# Thinking long term



## cobi (Apr 29, 2008)

Feels like eBike models currently have the potential to become obsolete (for lack of a better term) quicker than a regular bike due to how fast things are still evolving. 

Are you at all concerned about replacement part availability going forward (or at least more concerned than an analog bike)? 

Do the manufacturers guarantee they will continue making compatible motors, batteries, etc... for the full warrranty period (or beyond)?

Is there an after-market popping up to fill the void if the manufacturers aren't (used or refurbished parts)? 

Is it making you consider swapping bikes more frequently than you would with a regular bike to keep from getting stuck with a model that you can't get electric parts for?

I mean we all complain about never ending standards shift on bikes, but what if you need a specific motor or battery that isn't being produced anymore. I'd have to assume the manufacturers are keeping this in mind. Surely they wouldn't just want you to buy ANOTHER bike


----------



## RickBullottaPA (Mar 4, 2015)

cobi said:


> Feels like eBike models currently have the potential to become obsolete (for lack of a better term) quicker than a regular bike due to how fast things are still evolving.
> 
> Are you at all concerned about replacement part availability going forward (or at least more concerned than an analog bike)?
> 
> ...


Always concerned about future parts availability, which is why I stick to well known brands for bikes and components.
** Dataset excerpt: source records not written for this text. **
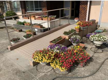 (管理作業員さんが中心となって、花の手入れや水やりをしていただいています。明日からの登校日にぜひ見てくださいね♪)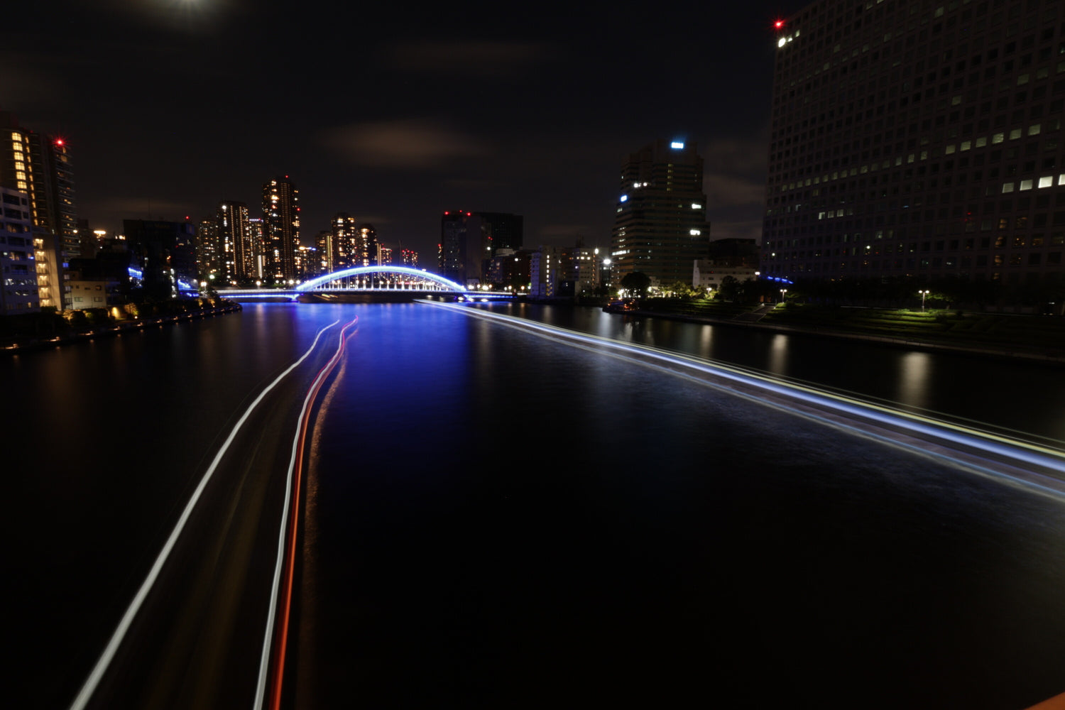 隅田川夜景と航跡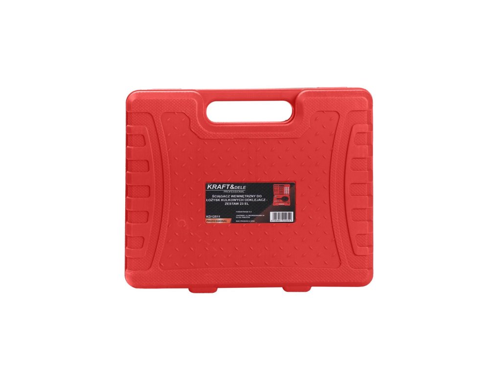 Minden alkatrész a csapágylehúzó készletből strapabíró műanyag tokkban található, fogantyúval a biztonságos tároláshoz és gyors rendszerezéshez. Minden alkatrész pontosan illeszkedő rekeszekben van, amelyek biztosítják a szerszám rendjét és meghosszabbítják az élettartamát.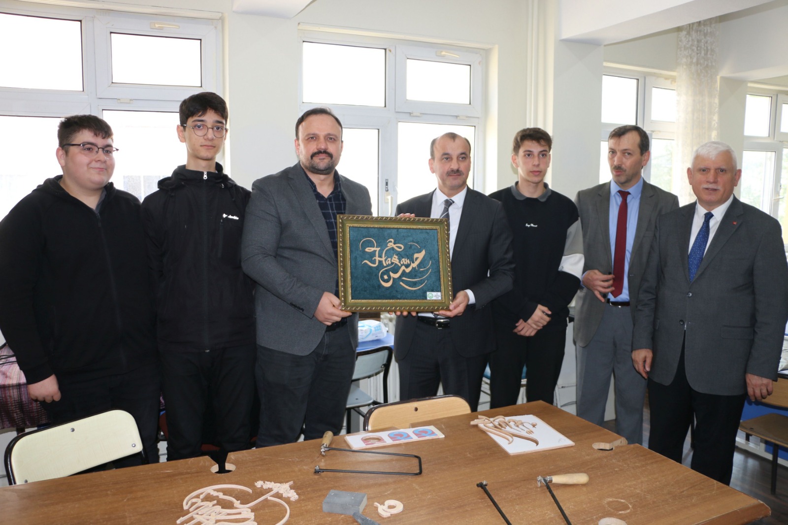 Özellikle Selçuklu ve Osmanlı dönemlerinden günümüze ulaşan Naht sanatı ile yapılan eserleri inceleyen Uygun’a öğrenciler tarafından hazırlanan bir ahşap oyma çalışması hediye edildi.

The risk isn't primarily that the parts won't be available, but that they'll be scarce with long waits. I did buy an extra Shimano battery because they have a tendency to lose capacity and new ones can be difficult to find.

Aftermarket will be unlikely except perhaps for batteries.

I won't be rotating eMTBs any more frequently than regular MTBs. It would require the bike to be unrepairable or some new compelling technology available. I think the next wave of eMTB innovation is about 12-18 months out. I'm going to wait it out.


----------



## fos'l (May 27, 2009)

Batteries can be rebuilt and motors repaired (probably), so I'm not worried. My Yamaha, a 2017, shows no signs of needing either. DIY bikes should be OK since there are companies with replacement controllers, gears etc. My BBS02 has been perfect for five years.


----------